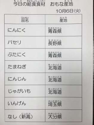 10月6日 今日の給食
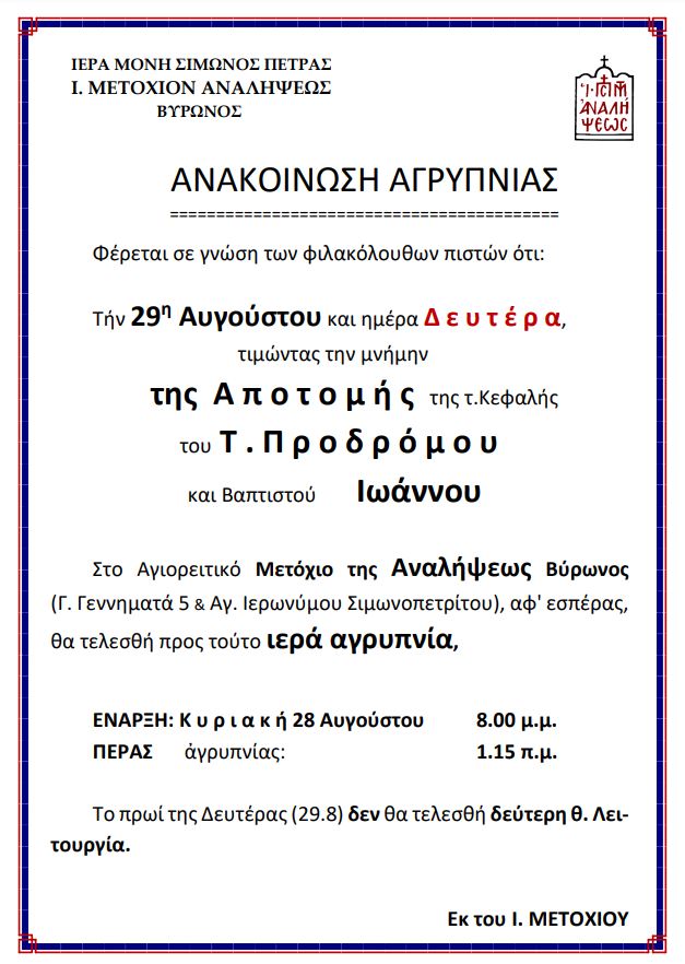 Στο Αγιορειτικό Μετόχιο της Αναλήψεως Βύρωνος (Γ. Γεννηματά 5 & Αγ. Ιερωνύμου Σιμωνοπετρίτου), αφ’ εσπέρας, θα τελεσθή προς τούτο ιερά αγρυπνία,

--

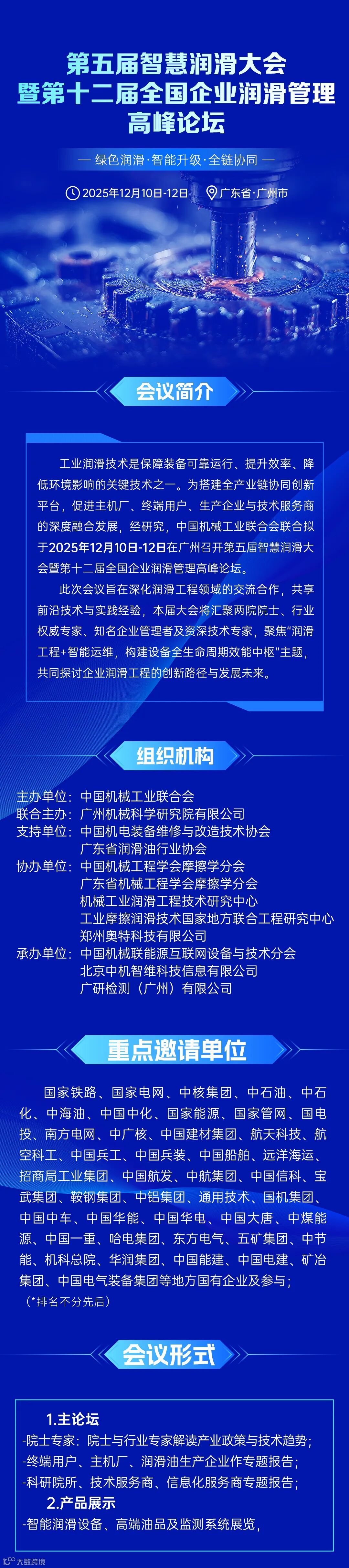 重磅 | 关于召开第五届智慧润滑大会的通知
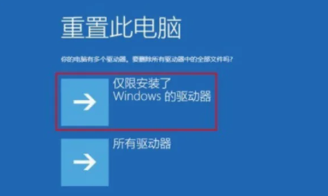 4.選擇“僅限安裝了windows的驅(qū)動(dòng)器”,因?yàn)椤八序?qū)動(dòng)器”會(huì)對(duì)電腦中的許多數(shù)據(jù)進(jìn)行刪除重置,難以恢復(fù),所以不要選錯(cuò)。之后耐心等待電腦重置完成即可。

==

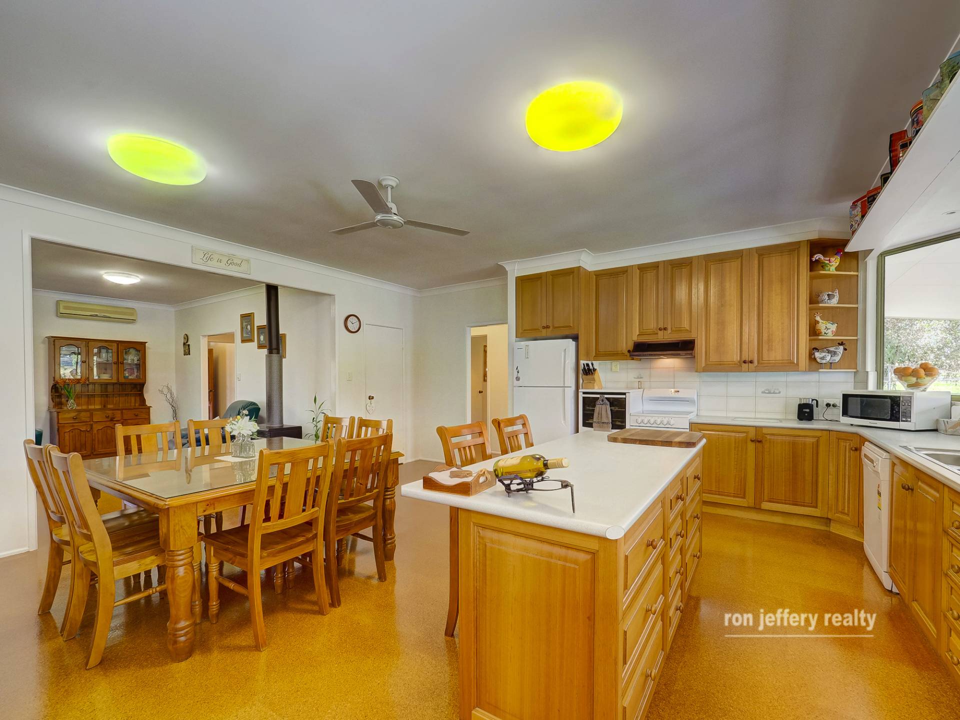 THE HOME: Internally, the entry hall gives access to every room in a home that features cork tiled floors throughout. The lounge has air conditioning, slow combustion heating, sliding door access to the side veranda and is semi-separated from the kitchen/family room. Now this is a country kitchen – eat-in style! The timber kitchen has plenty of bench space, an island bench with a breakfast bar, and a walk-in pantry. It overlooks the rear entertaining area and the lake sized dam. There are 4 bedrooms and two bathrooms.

WHAT THE EXERCISE ASKS.
I'd like the lines above repeated exactly, from the one that contains "10月6日 今日の給食" through the one that contains "Στο Αγιορειτικό Μετόχιο", with no pictures.

REPLY.
 10月6日 今日の給食
 Στο Αγιορειτικό Μετόχιο της Αναλήψεως Βύρωνος (Γ. Γεννηματά 5 & Αγ. Ιερωνύμου Σιμωνοπετρίτου), αφ’ εσπέρας, θα τελεσθή προς τούτο ιερά αγρυπνία,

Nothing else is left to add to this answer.